Required action: Below is a listing to repeat exactly, with its pictures left out.

Exercise data:
• • • • • • •
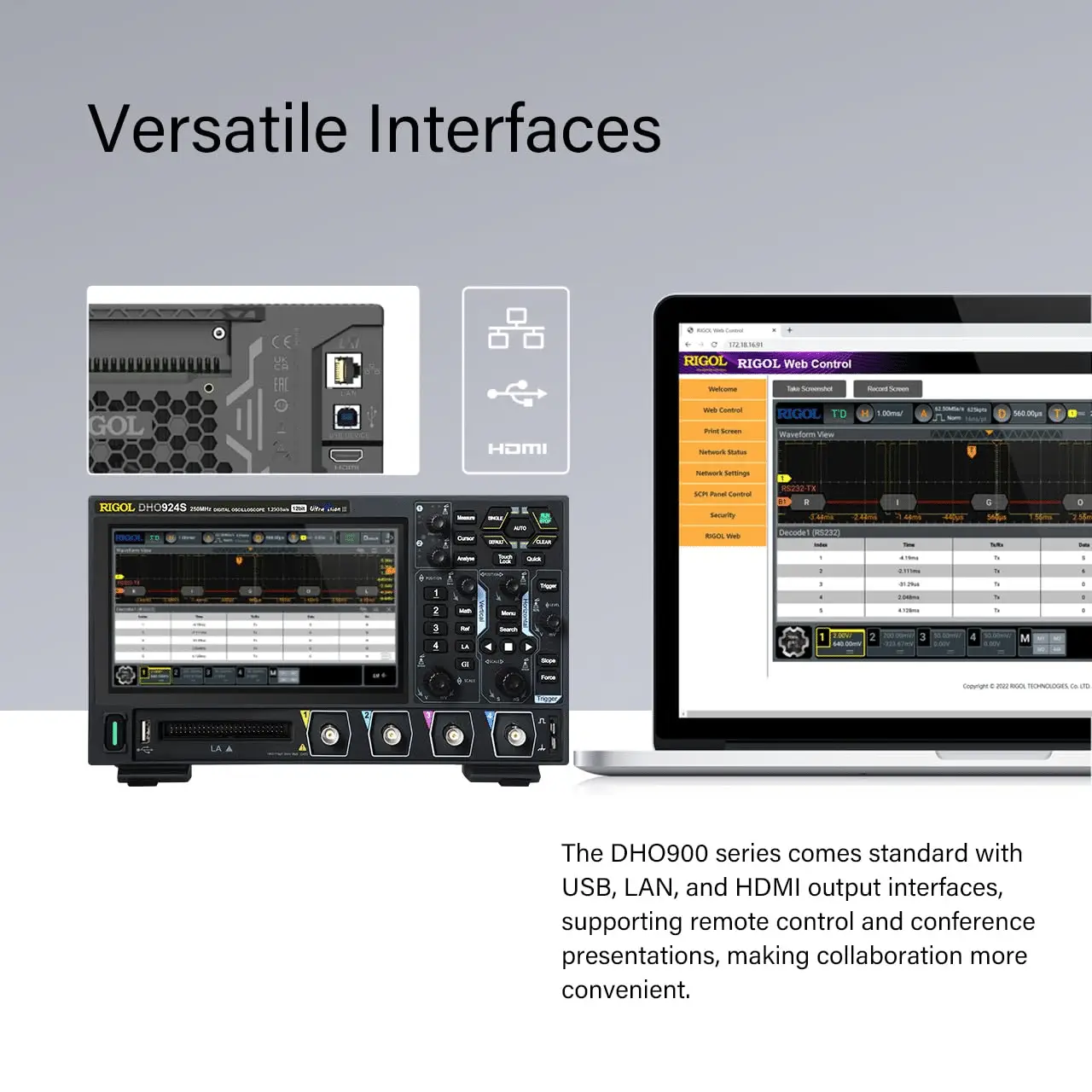 - ?Alimentatore Tipo-C?L’interfaccia di alimentazione Tipo-C è progettata in modo che sia necessario solo un alimentatore mobile per alimentare il DHO914, consentendo test sul campo.
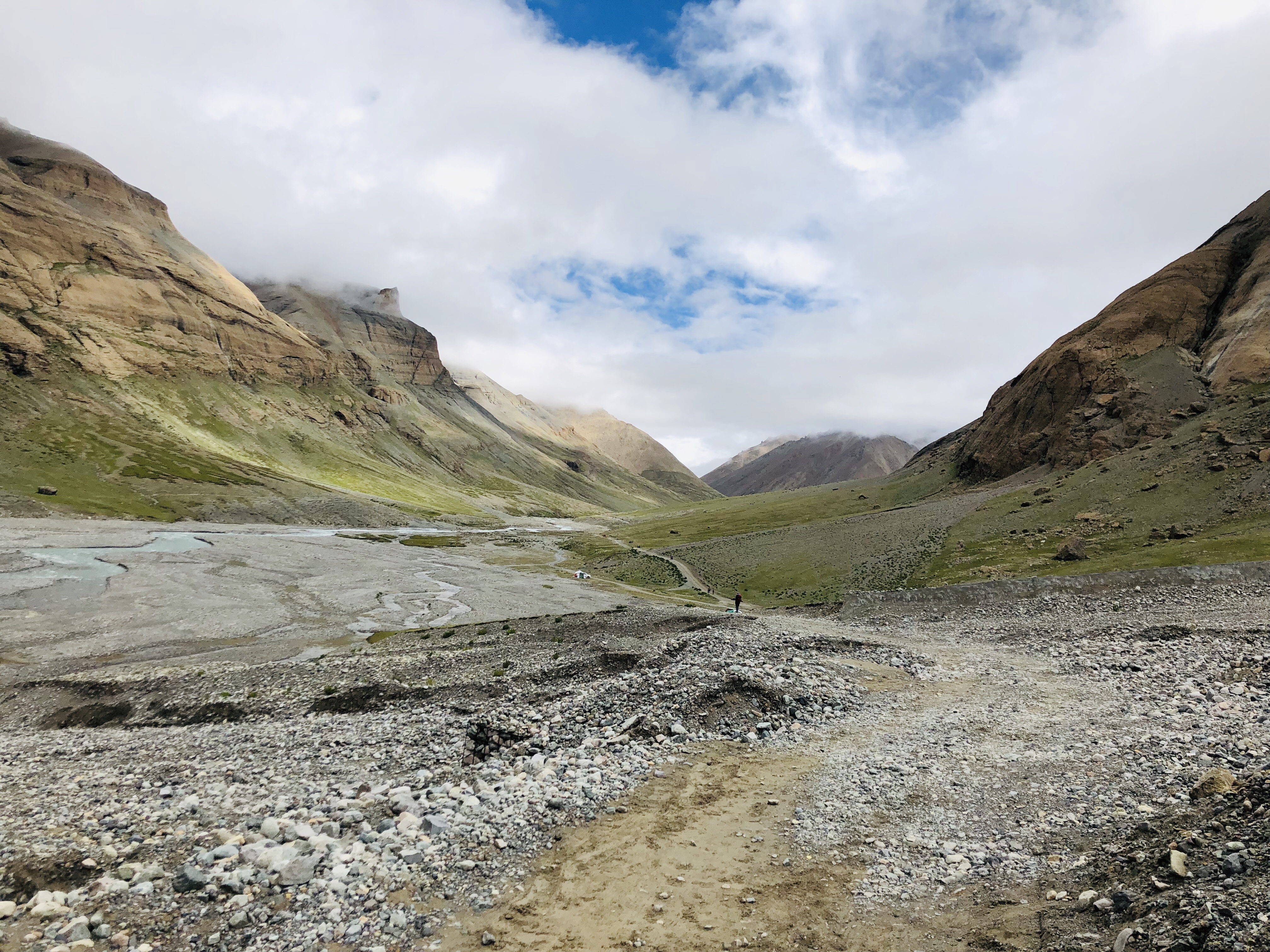 We share our kora with many other people, hundreds of them stretched out over the thirty-two miles, like a giant strand of prayer beads or, at night, a string of tiny white Christmas tree lights encircling the mountain. They are mostly Tibetan, with a few Indians. We don’t encounter a single other person from the west. The trek, in some ways, is a solitary pursuit—nobody but myself can get me to the top of Drolma La pass— but at the same time we are a community of pilgrims, separated by wide disparities in background, culture and economic status, but united in a common endeavor, a goal, a dream. The usual boundaries break down, replaced by the universal sign of human connection, a smile, and a hearty “Tashi Delak”, the Tibetan version of “Namaste.”
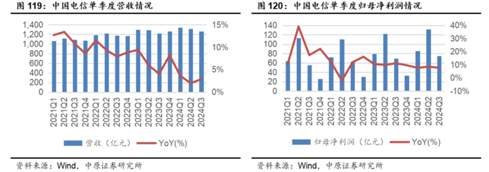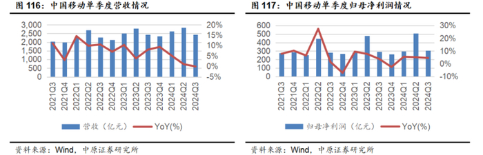 2024年前三季度,电信运营商板块实现营收14735.49亿元,同比增长2.45%;实现归母净利润1485.18亿元,同比增长5.94%。2024Q3,电信运营商板块实现营收4634.91亿元,同比增长1.39%;实现归母净利润404.66亿元,同比增长5.34%。
• • • • • • •
Solution:
 - ?Alimentatore Tipo-C?L’interfaccia di alimentazione Tipo-C è progettata in modo che sia necessario solo un alimentatore mobile per alimentare il DHO914, consentendo test sul campo.
 We share our kora with many other people, hundreds of them stretched out over the thirty-two miles, like a giant strand of prayer beads or, at night, a string of tiny white Christmas tree lights encircling the mountain. They are mostly Tibetan, with a few Indians. We don’t encounter a single other person from the west. The trek, in some ways, is a solitary pursuit—nobody but myself can get me to the top of Drolma La pass— but at the same time we are a community of pilgrims, separated by wide disparities in background, culture and economic status, but united in a common endeavor, a goal, a dream. The usual boundaries break down, replaced by the universal sign of human connection, a smile, and a hearty “Tashi Delak”, the Tibetan version of “Namaste.”
 2024年前三季度,电信运营商板块实现营收14735.49亿元,同比增长2.45%;实现归母净利润1485.18亿元,同比增长5.94%。2024Q3,电信运营商板块实现营收4634.91亿元,同比增长1.39%;实现归母净利润404.66亿元,同比增长5.34%。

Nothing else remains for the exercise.